:: Problem ::
Pictures are to be left out, and only the lines from the one containing "Costas: Alta, Resvestida, Espuma" through the last line of the data are to be returned exactly.

START Data provided

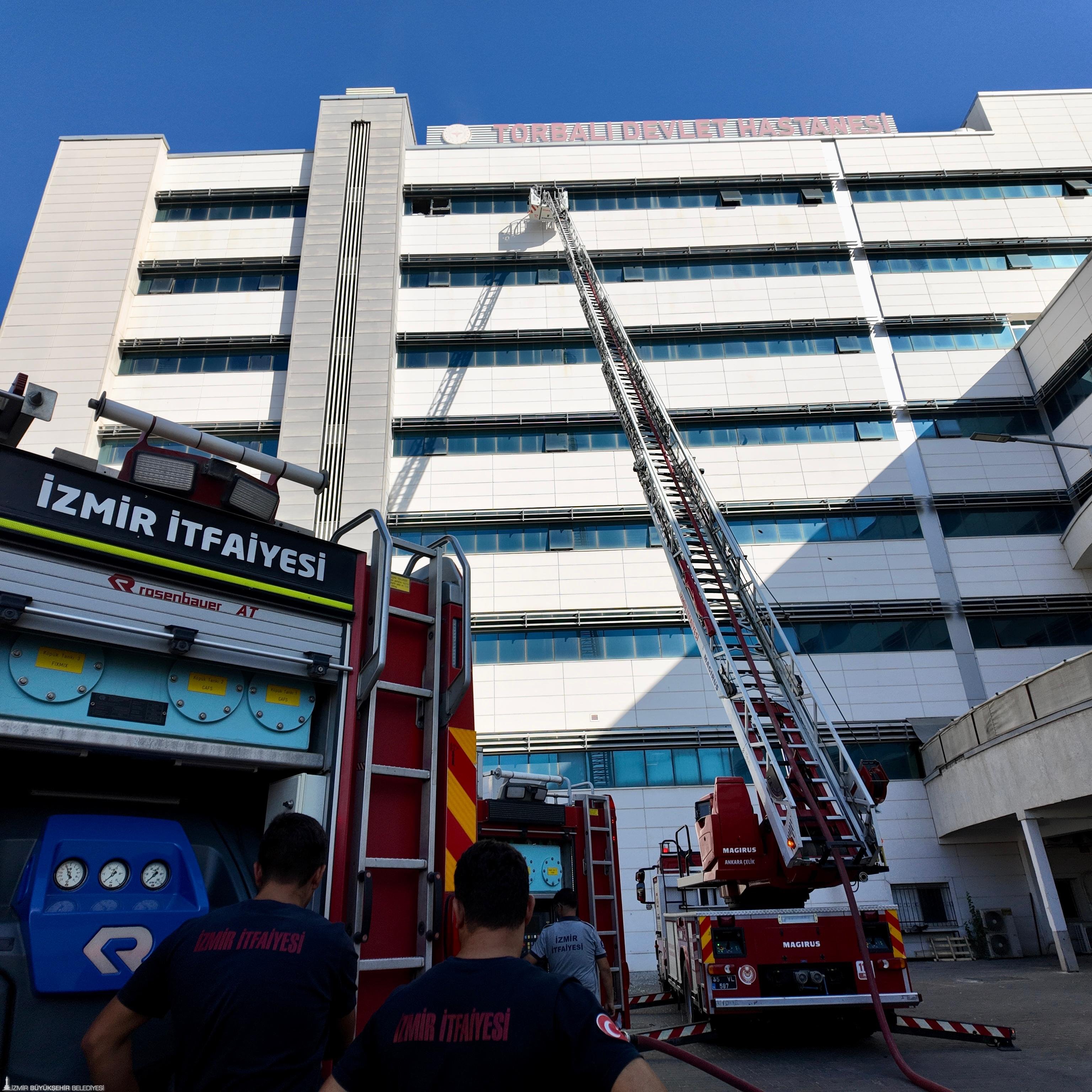 İzmir Büyükşehir Belediyesi İtfaiye Dairesi Başkanlığı ekipleri, saat 8.50 sıralarında Torbalı ilçesi 7 Eylül Mahallesi’nde bulunan Torbalı Devlet Hastanesi’nde çıkan yangına sevk edildi. Binanın 6. katında bulunan ve mutfağa ait erzak deposu olarak kullanılan alanda çıktığı belirlenen yangına, İzmir İtfaiyesi, 7 arazöz, 2 merdivenli araç, 1 kurtarma aracı ve çok sayıda personel ile müdahale etti. Bu sürede binada bulunan vatandaşların da tahliyesi gerçekleştirildi. Yangın yaklaşık 20 dakikada kontrol altına alındı. Olay yerinde soğutma çalışmaları devam ediyor.
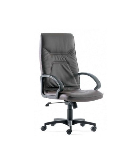Costas: Alta, Resvestida, Espuma flexível¶Assento: Revestido, Espuma flexível¶Base: Giratória, Poliamida preta¶Mecanismo: Oscilante¶Braços: Fixos¶Revestimento: Semi-pele preto
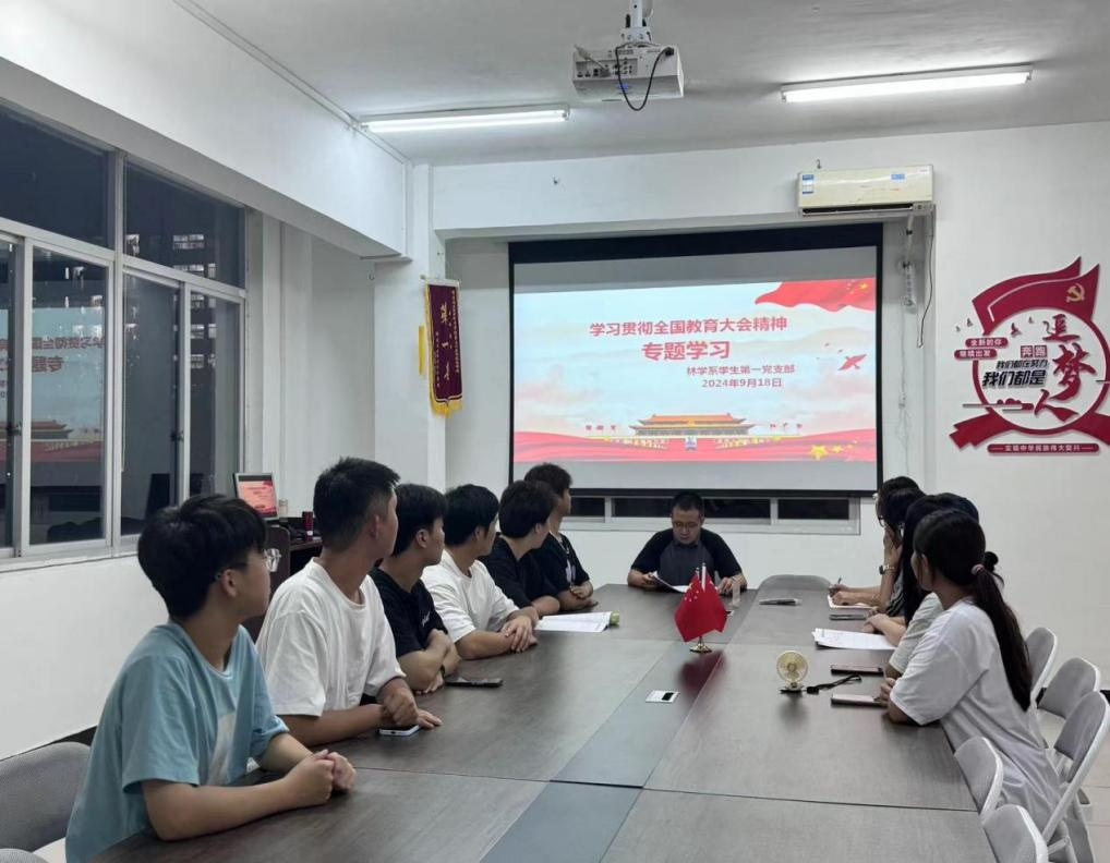 2024年9月9日至10日,全国教育大会在北京顺利召开,习近平总书记发表重要讲话。会议着重强调了教育是支撑国家强盛、党的事业兴旺发达的基石。为深入学习贯彻全国教育大会精神,林学系学生第一党支部迅速行动,于2024年9月18日开展专题学习。此次学习由叶知勇老师主持,支部全体同学参与。

END Data provided

:: Response for this exercise ::
Costas: Alta, Resvestida, Espuma flexível¶Assento: Revestido, Espuma flexível¶Base: Giratória, Poliamida preta¶Mecanismo: Oscilante¶Braços: Fixos¶Revestimento: Semi-pele preto
 2024年9月9日至10日,全国教育大会在北京顺利召开,习近平总书记发表重要讲话。会议着重强调了教育是支撑国家强盛、党的事业兴旺发达的基石。为深入学习贯彻全国教育大会精神,林学系学生第一党支部迅速行动,于2024年9月18日开展专题学习。此次学习由叶知勇老师主持,支部全体同学参与。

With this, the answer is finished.